A second gear 50 is formed with a cylindrical exterior body and a first end with a series of inclined teeth 51. The inclined teeth 51 of the second gear are configured and oriented such that they slide over the inclined teeth 43 formed on the first gear when the first gear is rotated in one direction, but the teeth engage one another when the first gear is rotated in an opposite rotational direction.

The second gear is formed with an outer cylindrical shape having a diameter that is smaller than an interior diameter between the surfaces of opposing axial ribs 27 of the cavity 26, so that the second gear can be received within the cavity in the housing for rotational movement of the second gear within the housing, without being restricted by the axial ribs as is the case with the first gear. Thus, the first gear rotates with the crank; the second gear rotates together with the first gear and the crank case in a first direction of rotation (preferably, clockwise) but the second gear does not rotate with the first gear in an opposite direction of rotation of the crank (preferably, counterclockwise).

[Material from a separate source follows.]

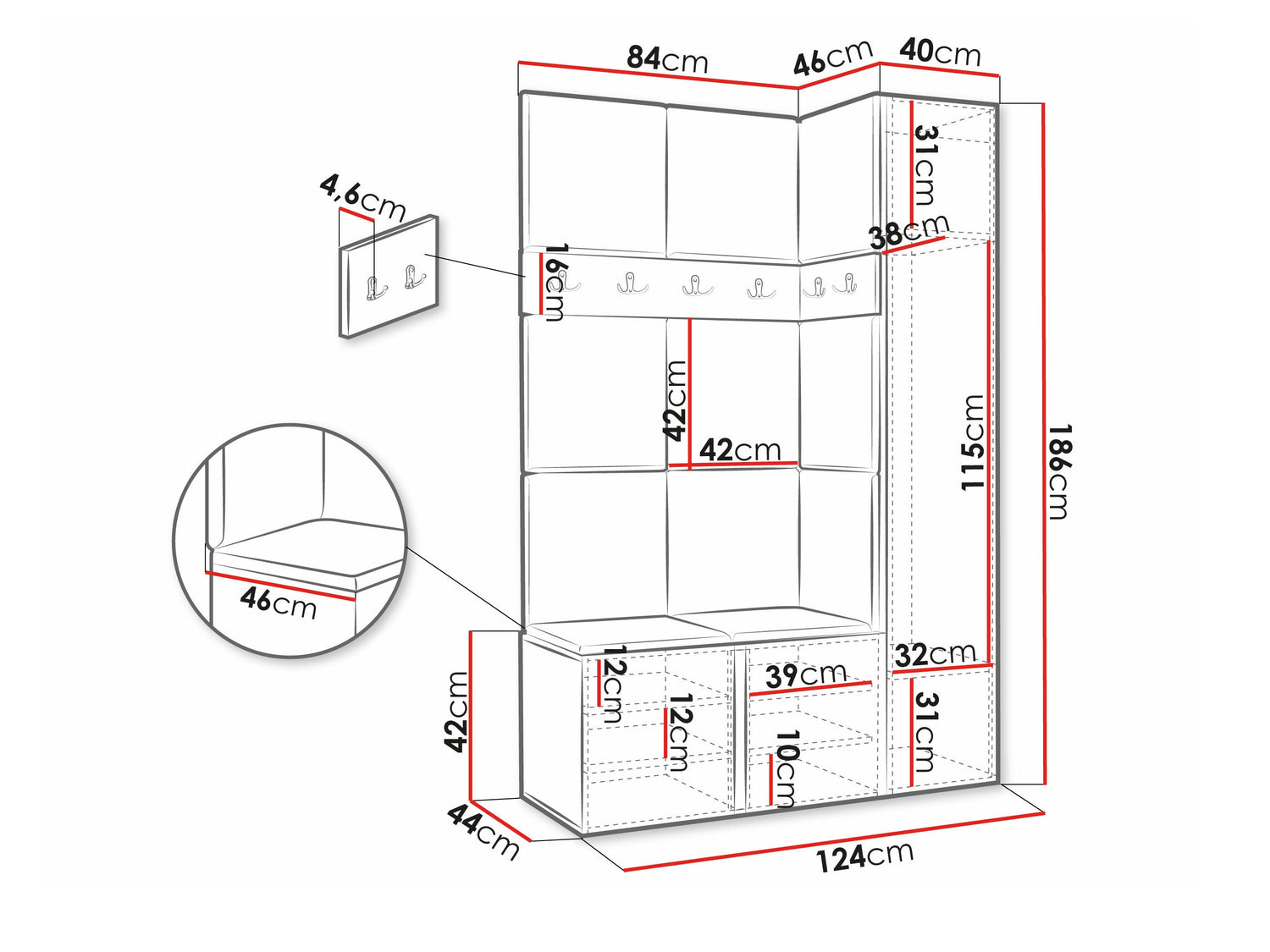 A szekrény méretei186 x 40 x 46 cm

The second end of the second gear, opposite the first end having the inclined teeth 51, terminates with a plurality of legs 53 having radially outward extending feet 53a. In the illustrated example, three such legs 53 are shown. The legs and feet are received within corresponding slots 76 formed in a housing cap 70 (best seen in FIGS. 9-11), in order to join the second gear and the end cap together for common rotational movement. The housing cap 70 further includes a series of axial grooves 75 formed on a first cylindrical end 74. The axial grooves receive a complementary series of ribs formed within a cavity within the second end of the second gear 50, to further ensure common rotational movement of the end cap and the second gear.

A screw 24 extends axially through the crank 21 and is received within an internally threaded axle 29. The axle extends through central bores formed in the second gear 50 and the first gear 40. The axle also carries the first spring 30, thereby joining the first and second gears together. A sealing cap 26 covers the screw 24 and is received within a shallow well 25 formed in the crank opposite the open end of the cavity 26. The axle 29 is formed with a length to allow for a small amount of axial travel of the second gear with respect to the first gear, thereby allowing the second gear to move axially outward from the first gear when the crank is rotated in a direction that causes the inclined teeth of the gears to slide over one another. The first spring 30 pushes the gears lightly toward one another to ensure that the gear teeth mesh in the first direction but slip over one another in the opposite direction.

The axial ribs 27 formed within the crank case are configured with a length that stops short of the rim 28 of the cavity 26 of the crank case, forming an outermost portion of the crank housing cavity having a cylindrical interior shape and without ribbing. A central portion 73 of the end cap 70 is formed with a cylindrical shape that fits snugly within this outer end of the crank case in order to seal the crank case within the end cap.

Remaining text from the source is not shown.